What follows covers SAML authentication, SCIM user provisioning, the group sync workaround (because SCIM still doesn't handle groups), and a few security notes that catch people off guard if they skip them.
What You Need Before Starting #
- An AWS Organization with IAM Identity Center enabled in your home region, configured from the management account
- Google Workspace admin access with permission to add SAML apps
- A clear decision on your IAM Identity Center home region - changing it later requires re-provisioning everything attached to it
IAM Identity Center must be enabled before you can configure an external IdP. If you haven't done that yet, the AWS docs have a short enablement guide.
Part 1: SAML Authentication #
SAML handles the authentication side - when a user clicks the AWS tile in their Google apps, SAML verifies their identity and hands them a session in AWS. Provisioning (getting users into Identity Center in the first place) is separate and covered in Part 2.
Step 1: Add the Amazon Web Services App in Google Workspace #
Sign in to your Google Admin console and go to Apps > Web and Mobile Apps.

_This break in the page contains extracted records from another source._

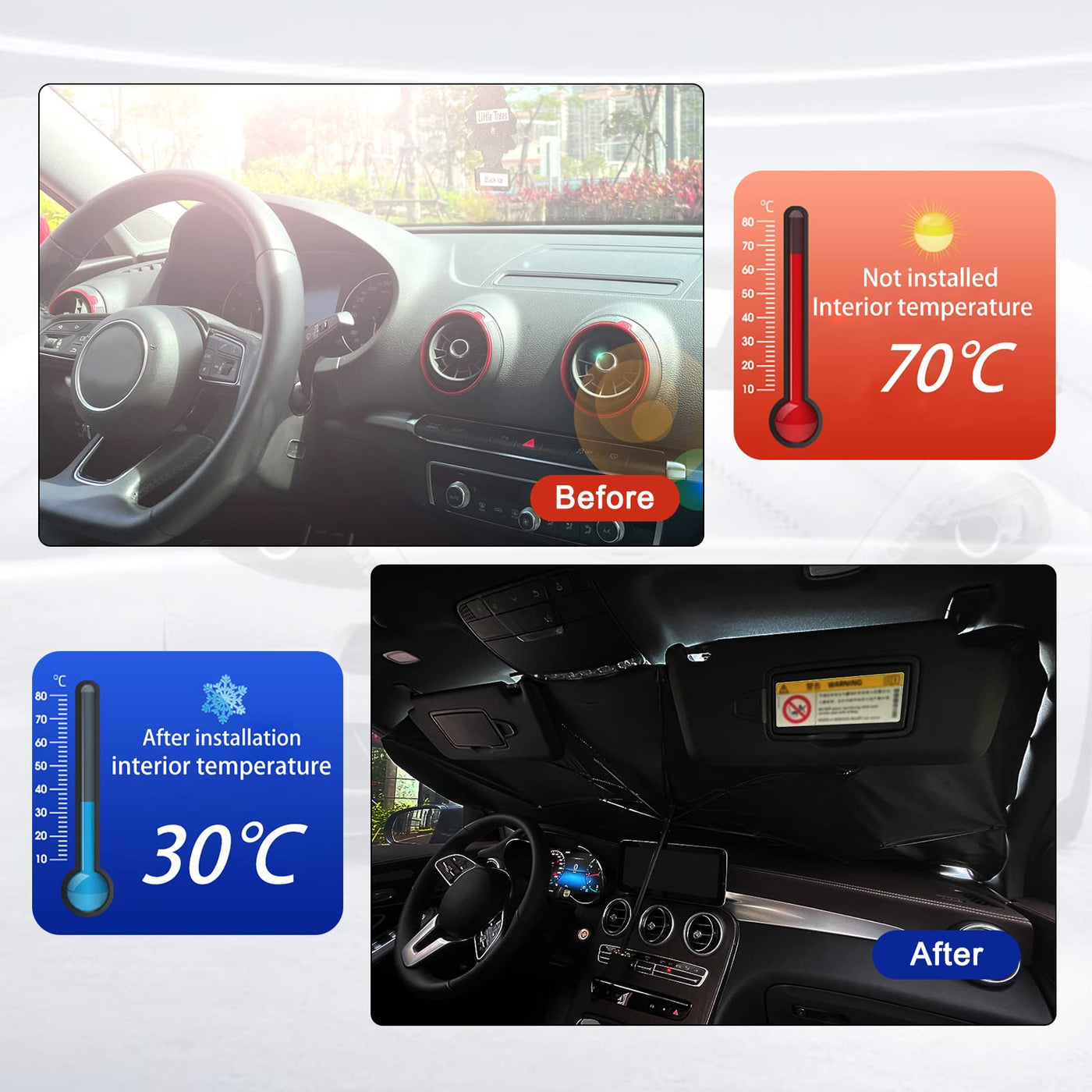 Sodcay 1 PC Car Windshield Sun Shade Umbrella, Foldable Sun Shade Car Sun Visor Protector Reflector Car Accessories Interior for UV Ray Block and Sun Heat Protection (31 x 55)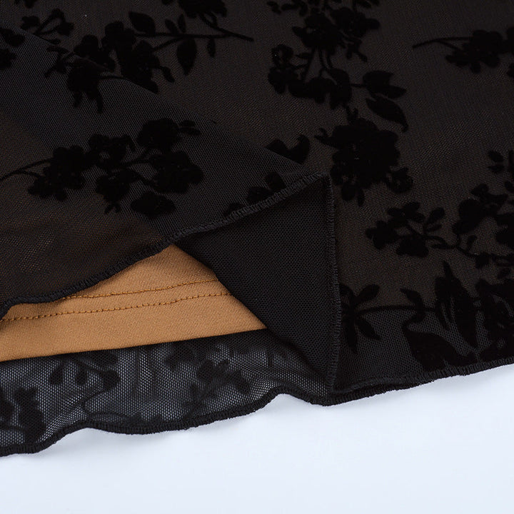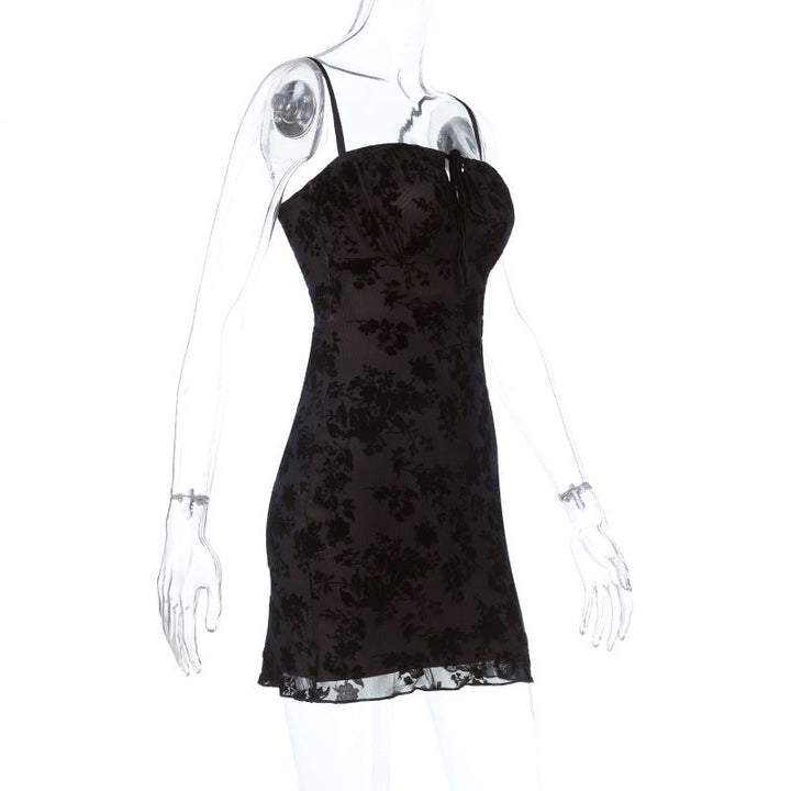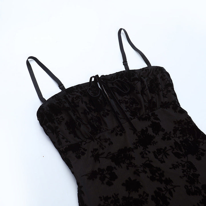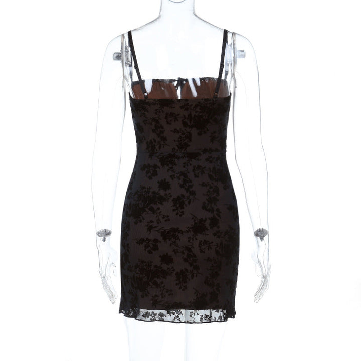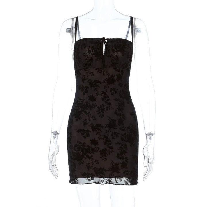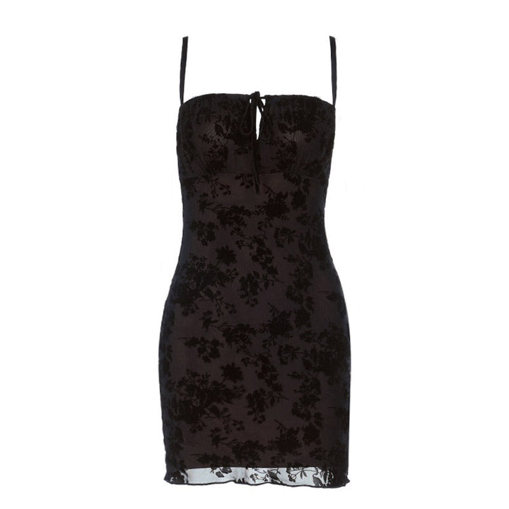 Square neck self tie hollow out print cami mini dress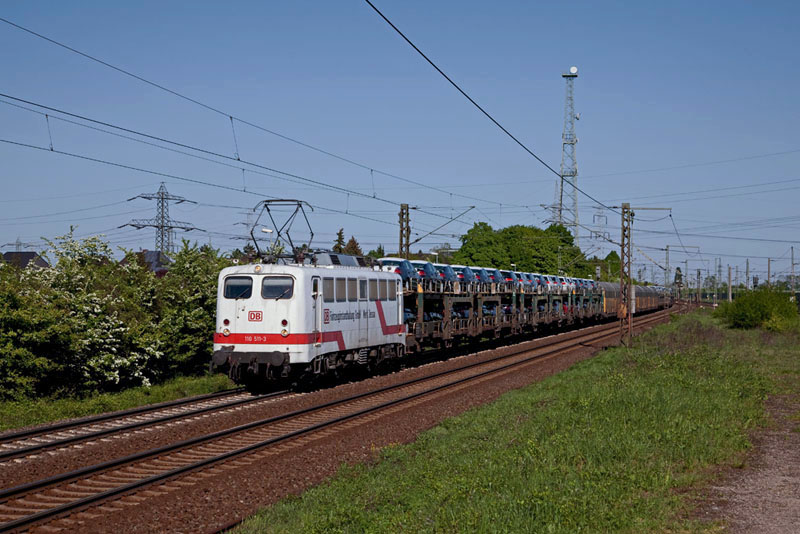 | Die Gewährleistunglok vom Aw Dessau, die 110 511-3 mit einem Autologistikzug der PCT Altmann-Gruppe! Ahlten, 30. April 2011 |

From the Add App dropdown, choose Search for apps - not "Add Custom SAML App," which was the old approach. Search for Amazon Web Services and select the Amazon Web Services (SAML) application from the results. This is the pre-built app, and Google has already populated most of the attribute mappings you'll need.
On the Google Identity Provider details page, download the IdP metadata XML file. You'll upload this to AWS in the next step. Leave the tab open.
Step 2: Configure Identity Center to Accept Google as the IdP #
Select External identity provider, then scroll to Identity Provider metadata. Upload the
GoogleIDPMetadata.xml file you downloaded. Once uploaded, copy two values from the Service Provider metadata section:- IAM Identity Center ACS URL (looks like
https://us-east-1.signin.aws/platform/saml/acs/...) - IAM Identity Center issuer URL
Step 3: Finish the Google Workspace App Configuration #
Return to Google Admin. On the Service provider details page, fill in:
- ACS URL: paste the IAM Identity Center ACS URL
- Entity ID: paste the IAM Identity Center issuer URL
- Name ID format: EMAIL
- Name ID: Basic Information > Primary email
For Attribute mapping, add a mapping for
https://aws.amazon.com/SAML/Attributes/RoleSessionName pointing to Basic Information > Primary Email. Click Finish.Step 4: Enable the App and Accept the Identity Source Change #
In Google Admin, open your AWS app's User access section and set it to ON for everyone for now. You'll want to restrict this to a specific group or OU after setup - more on that in the security section.
Back in the AWS console, review the identity source change and type ACCEPT to confirm.
SAML is now configured. Users can authenticate with Google credentials, but they don't exist in Identity Center yet. That's what SCIM handles.
Part 2: SCIM Provisioning - Automatic User Sync #
SCIM 2.0 lets Google push user account changes (creates, updates, deactivations) to Identity Center automatically. When someone joins your company, their Google account appears in Identity Center within minutes. When they leave, deprovisioning happens on a schedule you control.
Step 5: Enable Automatic Provisioning in AWS #
In IAM Identity Center > Settings, find the Automatic provisioning section and click Enable.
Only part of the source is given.